Begin with regular CRM health assessments. You can do this manually or partner with a GTM Intelligence platform like ZoomInfo.

Automation opportunities include:

  • Scheduled data refreshes: Set cadences for updating records. Quarterly refreshes catch job changes and company updates before they impact outreach.

  • Automated enrichment triggers: Enrich records automatically when they enter your CRM or when key fields are empty.

  • Continuous verification: Use a good mix of data sources, first-party and third-party, including intent data. Cleanse your data regularly and fill in any gaps by enriching each field with the most reliable source possible.

  • Real-time sync: Practice ongoing data management. Identify the types of bad data in your CRM, clear them out, and replenish them with a stream of high-quality, actionable data via ZoomInfo Operations.

Momentive cut speed-to-lead from 20 minutes to 60 seconds by automating enrichment and routing with ZoomInfo, a result of eliminating the enrichment-before-routing sequencing failure that plagues manual pipelines.

Automating enrichment and refresh workflows, as Capital One did with ZoomInfo, eliminates the manual research burden and keeps records current without ops intervention.

With ongoing data hygiene, your teams develop faster, more efficient sales processes to ensure every lead touchpoint is reliable.

Data quality is not a project with a finish line, it is an operational discipline that requires permanent monitoring, automated refresh cadences, and a data foundation that updates continuously as contacts change jobs and companies evolve.

Dirty data FAQs

What percentage of CRM data is typically dirty?

According to Salesforce's State of Sales report, B2B databases experience natural decay rates of 20-30% annually due to job changes, company moves, and contact updates. Forbes puts the figure even higher, 91% of CRM records are incomplete or inaccurate at any given time. The implication: without continuous enrichment, the majority of your database is working against your GTM motion, not for it.

How often should you clean your CRM data?

Run quarterly data audits at minimum, with automated enrichment and verification running continuously in the background. Quarterly audits catch job changes and company updates before they impact outreach; continuous automation prevents the 14-day enrichment lag that causes routing failures and misrouted leads. ZoomInfo Operations automates this refresh cycle without manual intervention.

What's the difference between data cleansing and data enrichment?

Data cleansing removes errors, duplicates, and inconsistencies from existing records. Data enrichment adds missing information, direct dials, job titles, firmographics, technographics, to incomplete records. Both are necessary: cleansing fixes what is wrong; enrichment fills what is missing.

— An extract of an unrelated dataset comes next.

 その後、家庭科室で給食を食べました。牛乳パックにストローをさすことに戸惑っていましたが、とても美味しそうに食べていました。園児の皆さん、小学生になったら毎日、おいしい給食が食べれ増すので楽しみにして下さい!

Most organizations need both running continuously, not as one-time projects.

Can dirty data affect email deliverability?

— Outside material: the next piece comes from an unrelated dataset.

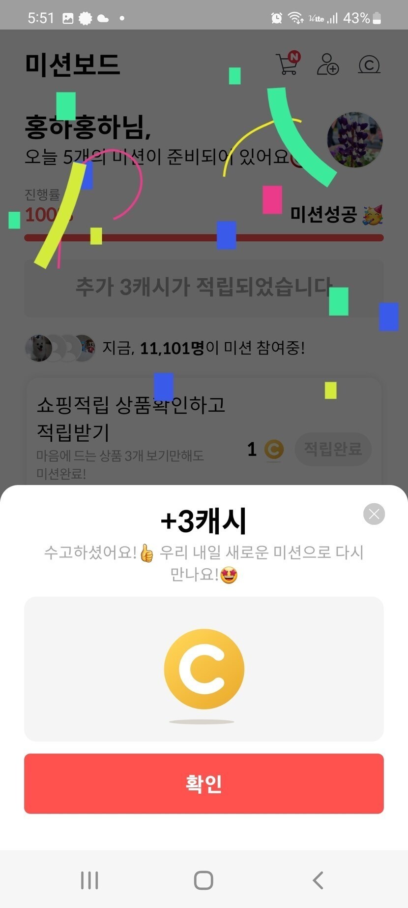 미션완성~ 당첨~

Yes. Bounced emails from bad addresses hurt your sender reputation, which causes future emails to land in spam folders. This compounds over time: a database with 20% stale email addresses does not just waste 20% of your sends, it degrades deliverability for the remaining 80% as well. Verified business emails (ZoomInfo maintains 200M+) reduce bounce rates and protect sender reputation.

What's the ROI of cleaning dirty data?

Gartner estimates organizations lose an average of $9.7M per year to poor data quality. Clean data increases connect rates, reduces wasted outreach, and improves forecast accuracy. Momentive's speed-to-lead improvement, from 20 minutes to 60 seconds, is a direct productivity gain from eliminating dirty data in the routing pipeline. Most organizations see measurable gains within the first quarter of implementing continuous enrichment.

Can dirty data create legal liability?

Yes. Data that violates GDPR, CCPA, or CAN-SPAM, including records retained beyond regulatory limits, contacts processed without proper consent, or personal data stored without a lawful basis, exposes organizations to significant fines. Amazon received an $888 million EU fine in 2021 for data privacy violations. Dirty data is not just an operational problem; it is a compliance and risk management issue that requires the same governance rigor as financial data.